Source data
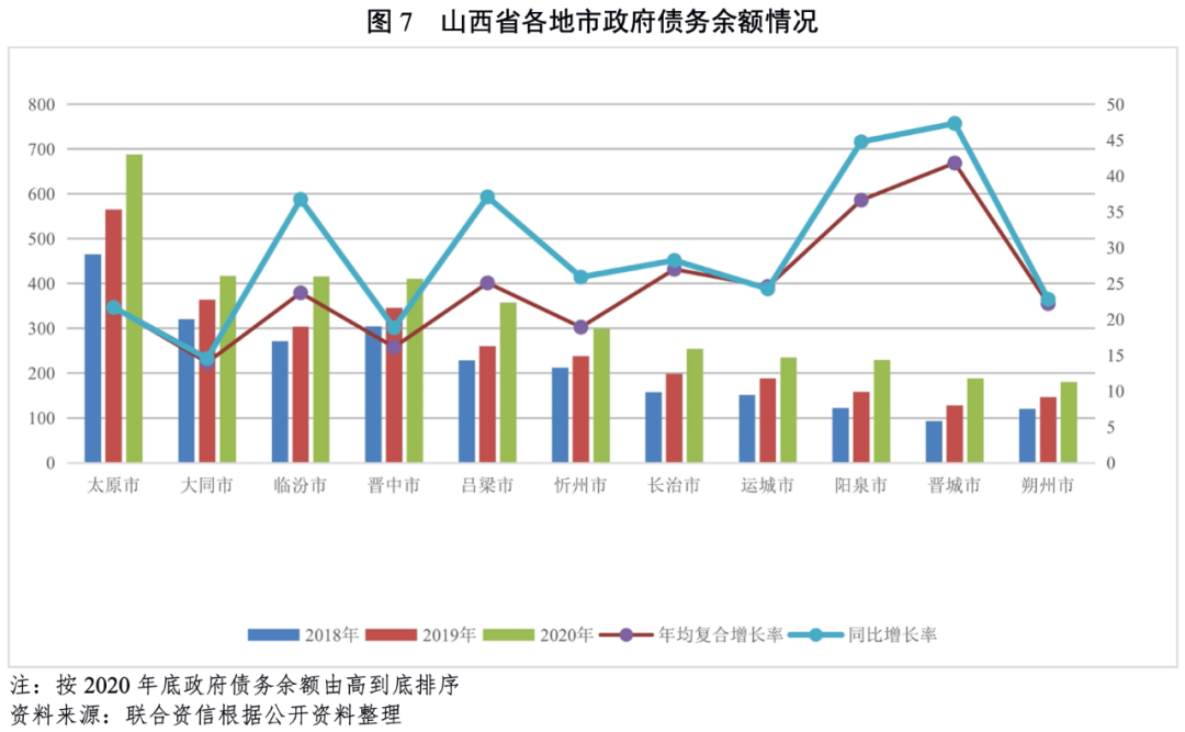 從地市層面看,山西省下轄各地市的經濟及財政實力差異較大。太原市的經濟發展水平和財政實力遠高于其他地市。山西省各地市政府債務余額均呈快速上升趨勢,晉城市增長最快。2020年,山西省各地市的負債率均較上年有所上升,但債務負擔仍處于較輕水平。陽泉市償債能力排名靠后,各地市整體償債壓力不大。
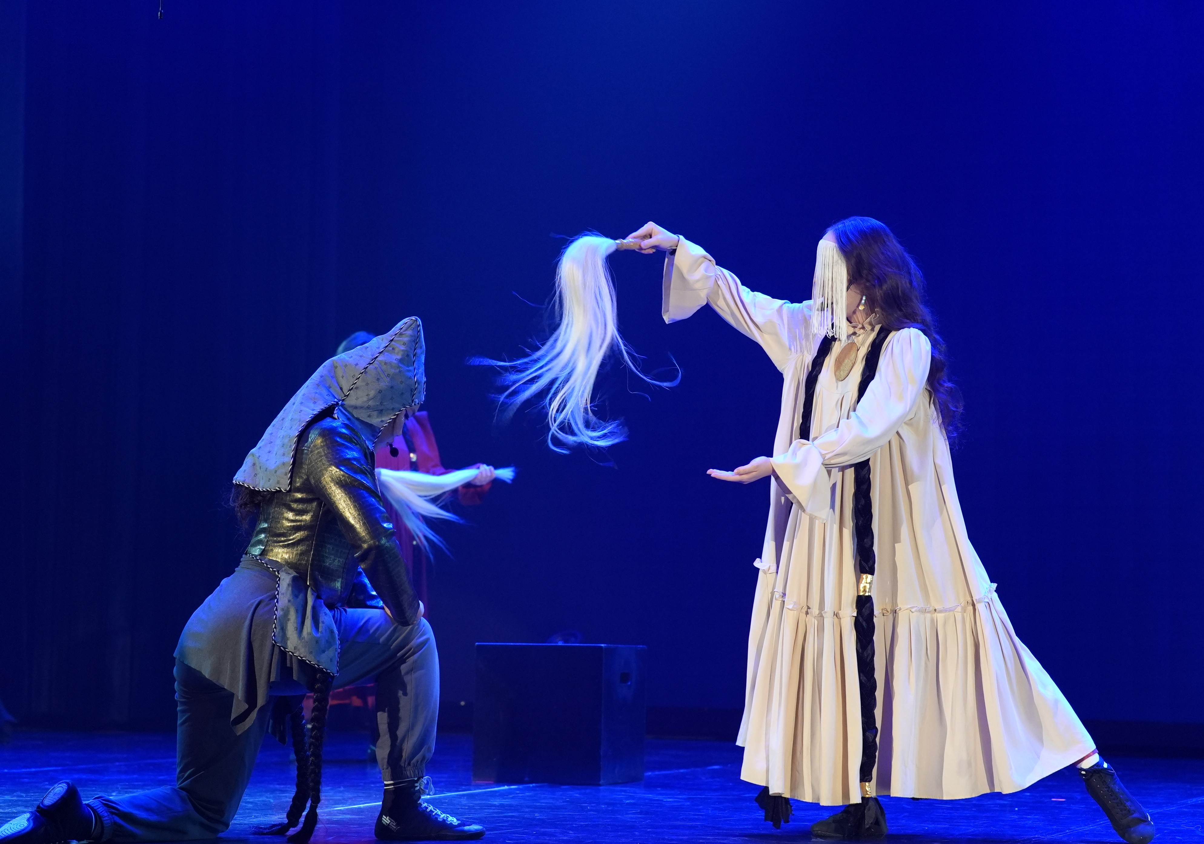 Статус вуза креативных индустрий подтверждается здесь каждым кадром и каждым движением на сцене. Спектакль стал результатом сложнейшей кросс-функциональной коллаборации: здесь будущие актеры (выпускники курса театрального искусства) работают в единой связке с художниками кафедры живописи и графики, а классическая сценография уступает место интерактивным медиарешениям. Это и есть живой пример того, как современное образование трансформирует культуру в инновационный продукт.
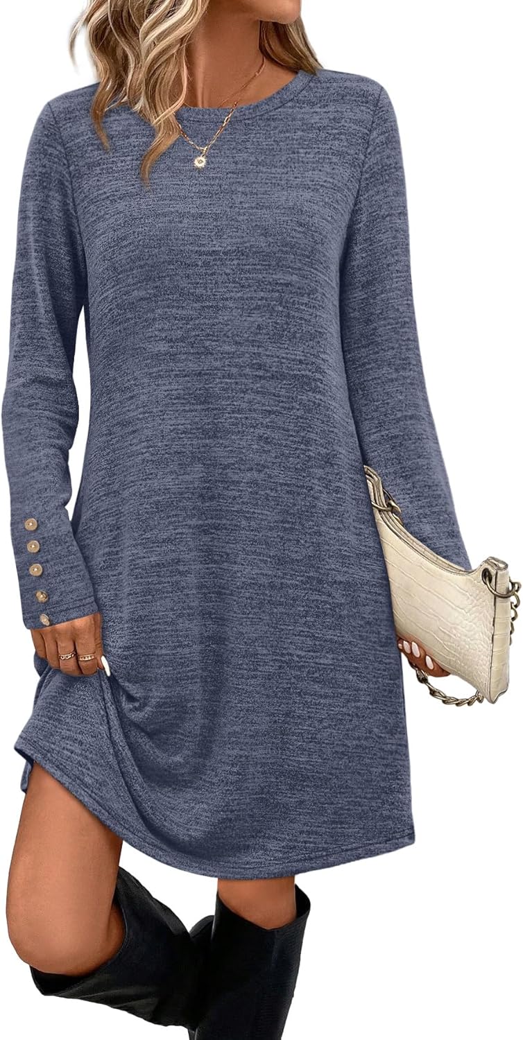 OFEEFAN Long Sleeve Dress for Women Crew Neck Tunic Dress with Pockets Decorative Buttons
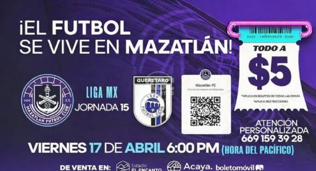 Mazatlán.- El Mazatlán FC lanzó una promoción inusual en la recta final del Clausura 2026, al anunciar que los boletos para su partido ante Querétaro tendrán un costo de cinco pesos.
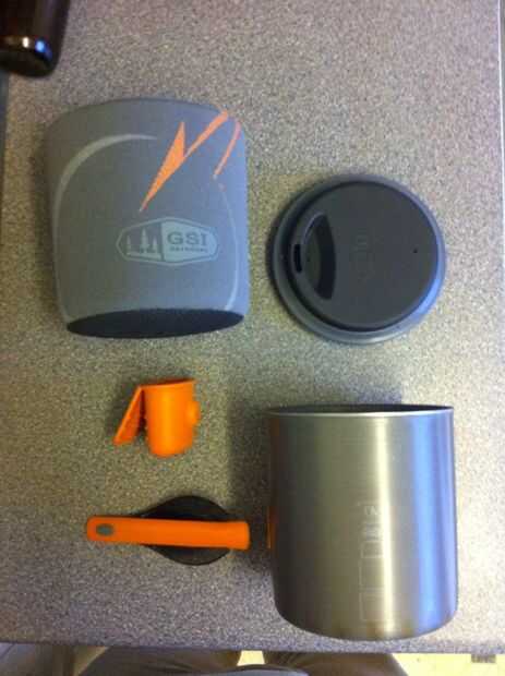 Este es el sistema de cocinar GSI al aire libre , llevará a cabo 600 ml de agua fácilmente, viene con todo lo que se puede ver en la primera foto, es una configuración de gran peso ligero que se sienta en la estufa bien y no se utiliza demasiado espacio en mi paquete.
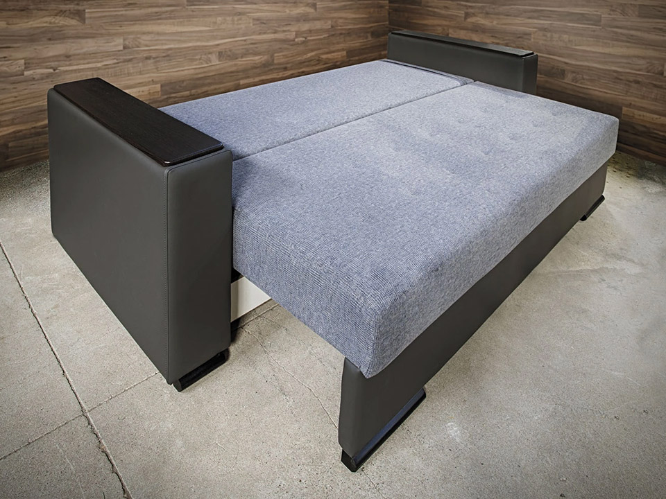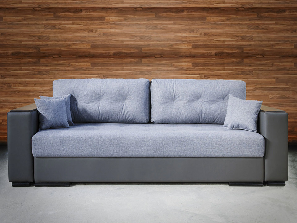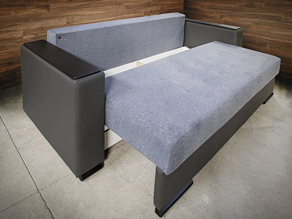 Компактный современный диван с раскладным механизмом и нишей для хранения.
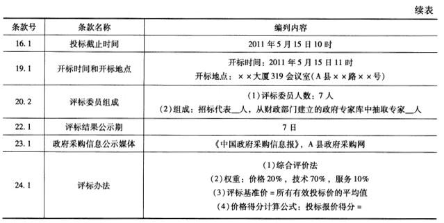 A县教育局利用财政拨款采购多功能教学仪20台。该设备供货项目概算1000万元人民币。考虑到教学仪技术复杂,经批准采用邀请招标方式实施采购。教育局依法委托政府采购中心采购。政府采购中心于2011年5月10日向教育局指定的5家供应商发出招标文件。招标文件中投标人须知前附表的部分内容见表6-3。
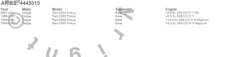 Below is an abbreviated list of applications for the The Standard 6 in. Oval Nerf Bar w/Mounting Brackets.Ram 2500, Dodge, 2001, 2000, 1999, 1998
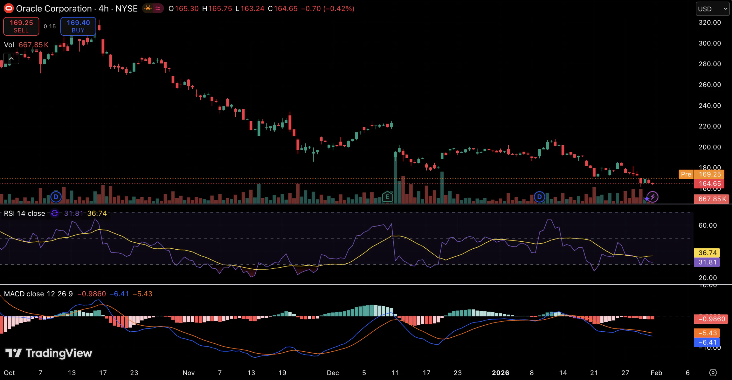 “>MACDMACD 指标依然保持强劲的负值,该指标线位于信号线下方,柱状图也仍显示红色柱状图。这种形态表明,即使抛售速度有所放缓,空头动能仍然占据主导地位。短期内,甲骨文股价可能会尝试短暂企稳或反弹。然而,如果没有明显的动能转变——例如相对强弱指数(RSI)重回40至50区间,移动平均收敛/发散指标(MACD)趋于平缓或走高——反弹很可能面临抛售压力。
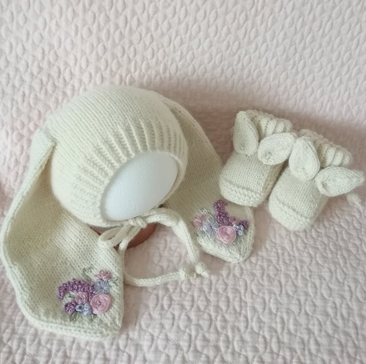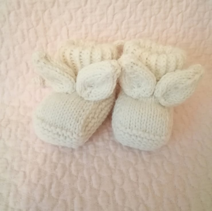 Exquisitely designed and created cute baby hand knitted bunny rabbit booties. These have ears added to the front , they have a fold over leg cuff and an ankle tie that is also knitted in the same yarn and threaded through the booties, this tie fastens into a bow at the back of the ankle.
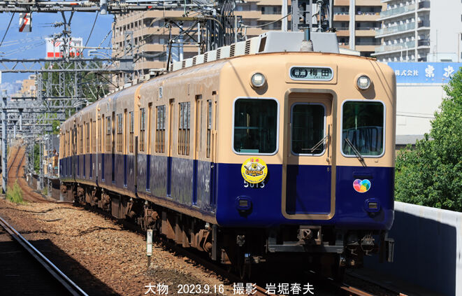 タイガース号を先頭に大阪梅田へ向かう。時間的に順光で撮れる場所は限られていた。
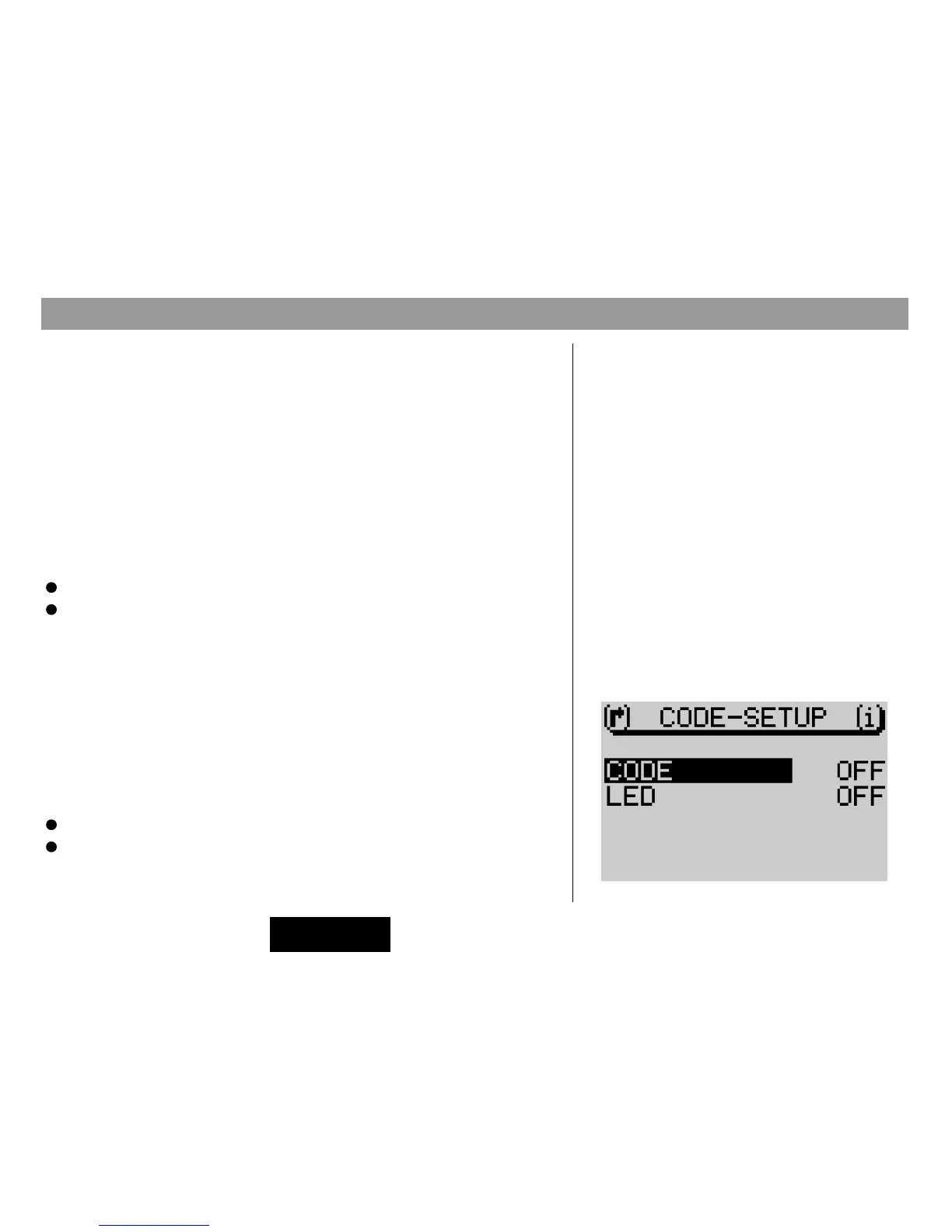 The code-LED will be activated/deactivated. The current setting will appear be-

- [Instructions for the task]
Please copy exactly the lines from the one containing "Este es el sistema" through the last line of the records above, both included, and leave out any pictures.

- [Response box]
 Este es el sistema de cocinar GSI al aire libre , llevará a cabo 600 ml de agua fácilmente, viene con todo lo que se puede ver en la primera foto, es una configuración de gran peso ligero que se sienta en la estufa bien y no se utiliza demasiado espacio en mi paquete.
 Компактный современный диван с раскладным механизмом и нишей для хранения.
 A县教育局利用财政拨款采购多功能教学仪20台。该设备供货项目概算1000万元人民币。考虑到教学仪技术复杂,经批准采用邀请招标方式实施采购。教育局依法委托政府采购中心采购。政府采购中心于2011年5月10日向教育局指定的5家供应商发出招标文件。招标文件中投标人须知前附表的部分内容见表6-3。
 Below is an abbreviated list of applications for the The Standard 6 in. Oval Nerf Bar w/Mounting Brackets.Ram 2500, Dodge, 2001, 2000, 1999, 1998
 “>MACDMACD 指标依然保持强劲的负值,该指标线位于信号线下方,柱状图也仍显示红色柱状图。这种形态表明,即使抛售速度有所放缓,空头动能仍然占据主导地位。短期内,甲骨文股价可能会尝试短暂企稳或反弹。然而,如果没有明显的动能转变——例如相对强弱指数(RSI)重回40至50区间,移动平均收敛/发散指标(MACD)趋于平缓或走高——反弹很可能面临抛售压力。
 Exquisitely designed and created cute baby hand knitted bunny rabbit booties. These have ears added to the front , they have a fold over leg cuff and an ankle tie that is also knitted in the same yarn and threaded through the booties, this tie fastens into a bow at the back of the ankle.
 タイガース号を先頭に大阪梅田へ向かう。時間的に順光で撮れる場所は限られていた。
 The code-LED will be activated/deactivated. The current setting will appear be-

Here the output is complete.